● **What is required**
Only one stretch of the data below is needed. Output the lines from the one with "DermaPro Roll uses" up to and including the one with "Registration: Year: 1949 number: 003950", exactly as they stand.

● **Dataset records**

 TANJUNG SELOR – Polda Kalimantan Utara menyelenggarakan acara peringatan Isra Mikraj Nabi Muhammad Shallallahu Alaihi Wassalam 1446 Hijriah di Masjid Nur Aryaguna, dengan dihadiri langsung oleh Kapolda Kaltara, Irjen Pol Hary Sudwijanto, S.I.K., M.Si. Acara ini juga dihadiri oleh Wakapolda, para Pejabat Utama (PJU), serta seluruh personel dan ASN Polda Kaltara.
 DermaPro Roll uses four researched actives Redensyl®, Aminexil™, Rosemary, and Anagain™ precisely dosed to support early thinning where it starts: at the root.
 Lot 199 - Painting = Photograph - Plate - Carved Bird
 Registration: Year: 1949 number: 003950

==

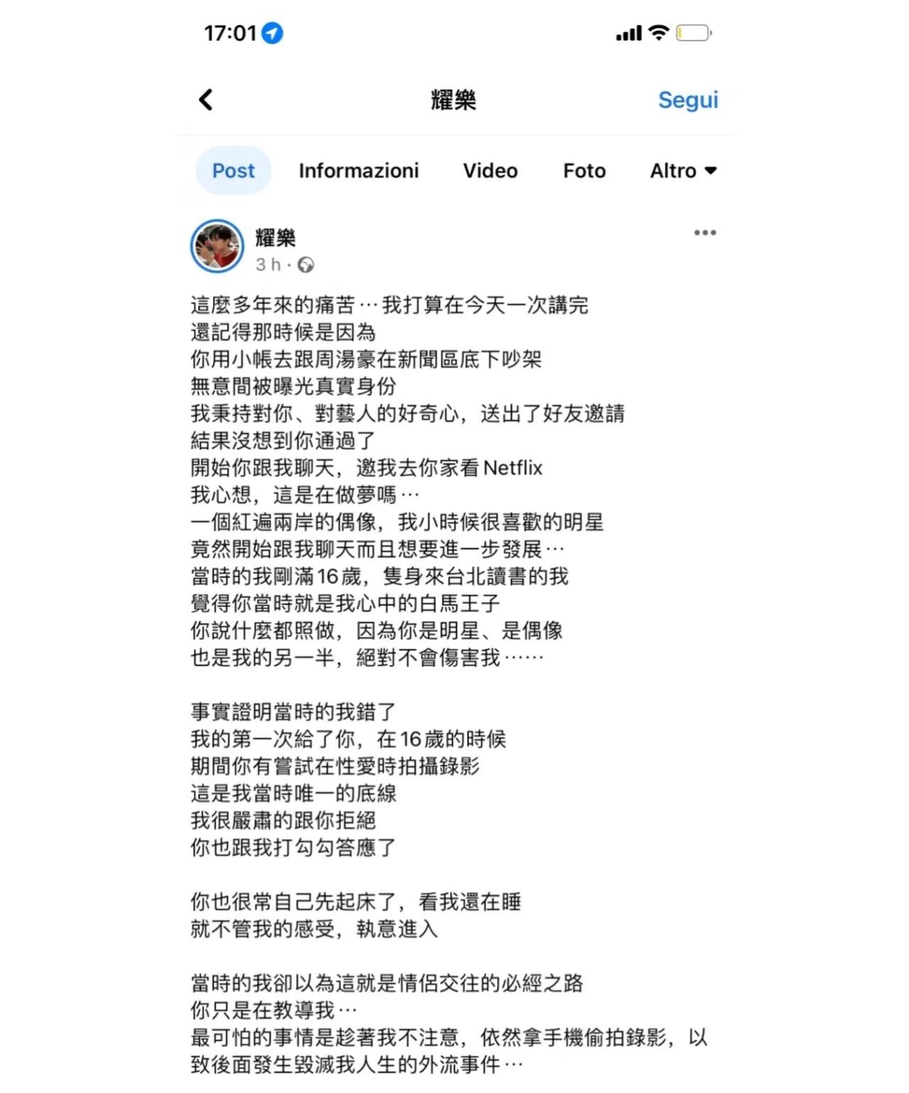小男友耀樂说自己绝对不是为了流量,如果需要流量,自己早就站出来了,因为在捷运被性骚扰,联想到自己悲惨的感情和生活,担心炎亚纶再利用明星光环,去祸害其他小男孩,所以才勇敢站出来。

● **Task result**
 DermaPro Roll uses four researched actives Redensyl®, Aminexil™, Rosemary, and Anagain™ precisely dosed to support early thinning where it starts: at the root.
 Lot 199 - Painting = Photograph - Plate - Carved Bird
 Registration: Year: 1949 number: 003950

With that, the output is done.